Syvällisempiä Kysymyksiä

How can authorship attribution impact cybersecurity measures beyond plagiarism detection?

Authorship attribution plays a crucial role in enhancing cybersecurity measures beyond just plagiarism detection. One significant impact is in the field of forensic investigation, where identifying the true authors of malicious or fraudulent content becomes essential. By analyzing writing styles and linguistic patterns, authorship attribution can help trace back cybercrimes to their perpetrators, aiding law enforcement agencies in solving cases related to hacking, online fraud, or cyberbullying. Moreover, in the realm of threat intelligence and cybersecurity operations, authorship attribution can assist in attributing specific threats or attacks to known threat actors or hacker groups. Understanding the writing style and behavioral patterns of these malicious entities can provide valuable insights for developing targeted defense strategies and proactive security measures.
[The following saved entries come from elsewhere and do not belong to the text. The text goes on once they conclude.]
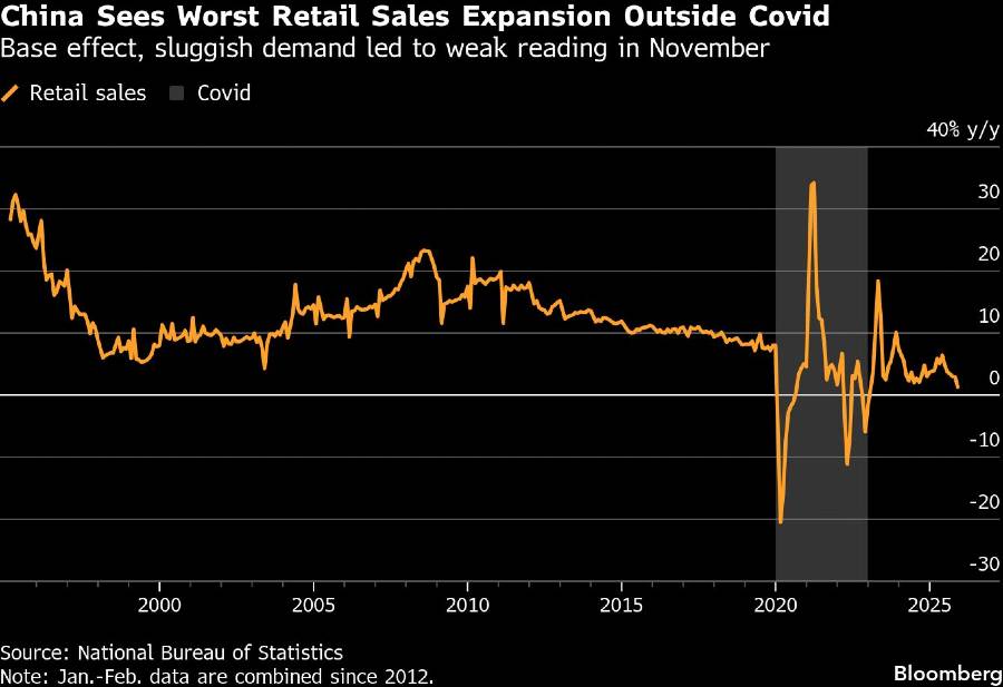 Penjualan ritel hanya naik 1,3% pada November dibandingkan dengan tahun sebelumnya—angka terendah yang pernah tercatat, di luar periode pandemi. Angka ini lebih buruk daripada semua perkiraan dalam survei Bloomberg terhadap analis, di mana perkiraan mediannya bahwa pertumbuhan akan tetap di 2,9% untuk bulan kedua.
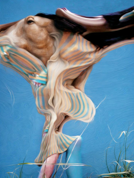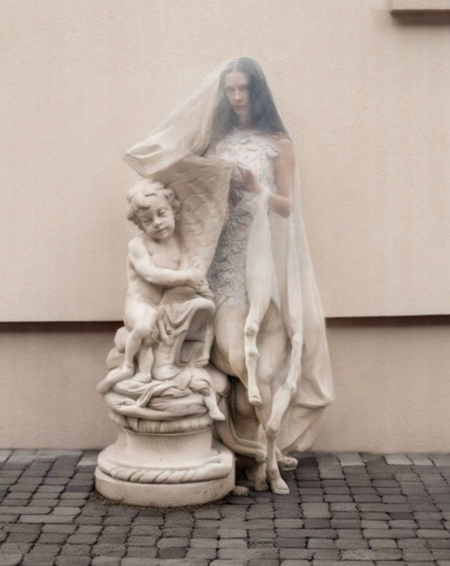 Один из самых интересных и набирающих популярность способов использований нейросетей — интеграция с реальной фотографией. Этот приём позволяет максимально расширить границы фотографического искусства и выйти за его рамки. С помощью искусственного интеллекта художники дорисовывают реальный мир и погружают его в метасюрреалистичный сюжет. Метод работы с нейросетями особенно популярен в фэшн среде, где искусственный интеллект может хорошо помочь в визуализации дизайнерской идеи. Помимо генеративной фотографии, активно популяризируется использование нейросетей для оживления картинки и создания видео, что тоже становится новейшим и актуальным приёмом замещения реальности.
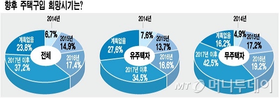 다만 구입희망 시기는 매우 유보적이었다. '연내 구입하겠다'고 답한 응답자는 전체 6.7%에 그쳤다. 이어 △2015년 14.9% △2016년 17.4% △2017년 이후 37.2% 등이었다. 주목할 것은 '구입 계획없다'는 응답도 23.8%에 달했다. 즉 10명 중 6명 이상은 3년내(2014~2016년) 주택구입 계획이 없는 셈이다.
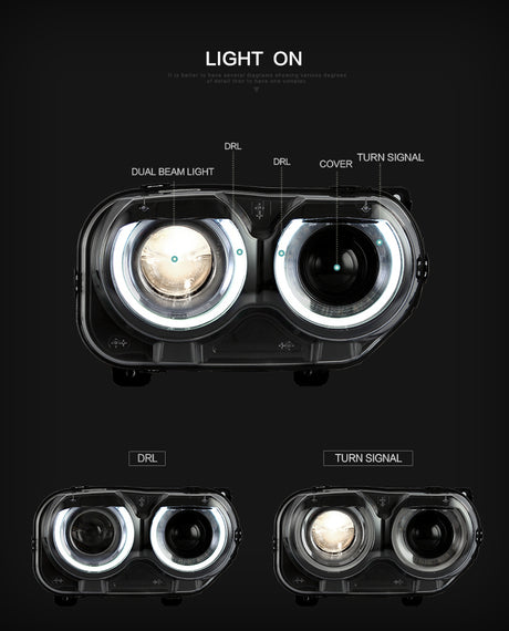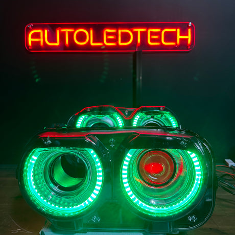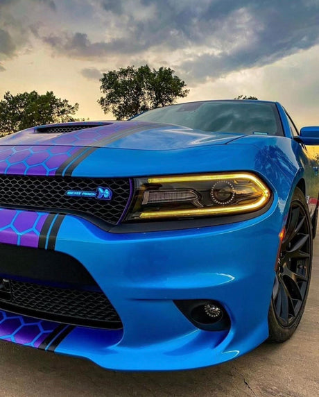 2015-2023 Dodge Challenger RGBW Flow Series LED Halo DRL Prebuilt Headlights

Additionally, authorship attribution can be utilized in email spoofing detection and phishing scams. By analyzing the language used in suspicious emails or messages, organizations can identify potential impersonation attempts and prevent data breaches or financial losses resulting from social engineering attacks. Overall, authorship attribution serves as a powerful tool for enhancing cybersecurity by enabling accurate identification of individuals behind digital content and activities that pose risks to information security.

How might advancements in NLP benefit other areas within Bangla literature beyond authorship attribution?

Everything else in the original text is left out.